On Mondays, I take my son to the Third Street Music School, counterintuitively on East 11th between Second and Third Avenue, where he goes to a weekly extracurricular guitar lesson. While he was in class, before heading back to Brooklyn, I had to make a stop to pick up a bottle of wine for my wife and I at Astor Wine and Liquors. And so I drove a few blocks South, and a few blocks West, and eventually found myself double parked on Lafayette Street, still named in honor of our great French American hero.
The Marquis himself once said “I gave my heart to the Americans and thought of nothing else but raising my banner and adding my colors to theirs.” For tonight, perhaps just for tonight, Evan Fournier bled blue and orange.
Notes:
CAM ALERT
— KNICKS ON MSG (@KnicksMSGN) February 1, 2022
- Every single Knicks player got onto the court tonight, including the great Cam Reddish, albeit for five minutes of garbage time. Free Killa Cam!

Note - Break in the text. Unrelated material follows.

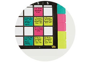 Sometimes the most helpful methods for dealing with to-do lists are the simplest. Putting your to-do list on your calendar means that you’ll see everything you need to do the moment you open your schedule for the day. Simply take each item on your to-do list, estimate how long it’ll take to get done and write it directly on your Post-it® Weekly Planner. You can also add Post-it® Arrow Flags to highlight the most important tasks for the day or to color-code your tasks by subject, client or category. When your calendar’s got everything you need to do, you don’t have to worry about forgetting or missing something, and your day will be a lot less stressful.

- Tonight, somehow, Mitch Robinson has already passed Marcus Camby for the fifth most blocks in Knicks history. Camby was at the game, possibly in an effort to promote his Marcus Camby IPA, a joint venture with a Massachusetts Brewery, suspiciously named White Lion, that Camby made sound more like a wheat beer than an IPA.
- Something some Knicks fans have done all year is point to the middling record the team had through x number of games in 2021 as cause to preach caution and not panic. Blessedly, the team is rapidly leaving that security blanket of last season’s record behind (The Knicks were 25-25 through 50 games of a shortened season last year in April). There doesn’t appear to be a nine-game winning streak on the near horizon, and that’s a good thing. It may be time to accept the Knicks are the mediocre to bad team they’ve appeared to be, that our eyes have told us they are. It’s time to assess this team, and this coach with clear eyes, rather than pointing to last year’s squad as some kind of magic balm that gives a certain stripe of incrementalist fan license to hope against hope and ignore what they’re seeing as we approach what could be a crucial trade deadline. It’s time to live in the now, folks.
- In the game thread, commenter JayBugkit put it succinctly, “ON FIRE let’s go Evan.” He was our lodestar this evening, and we briefly got to see the platonic ideal the front office had in mind when the Knicks signed him. Enjoy your game ball, mon frere.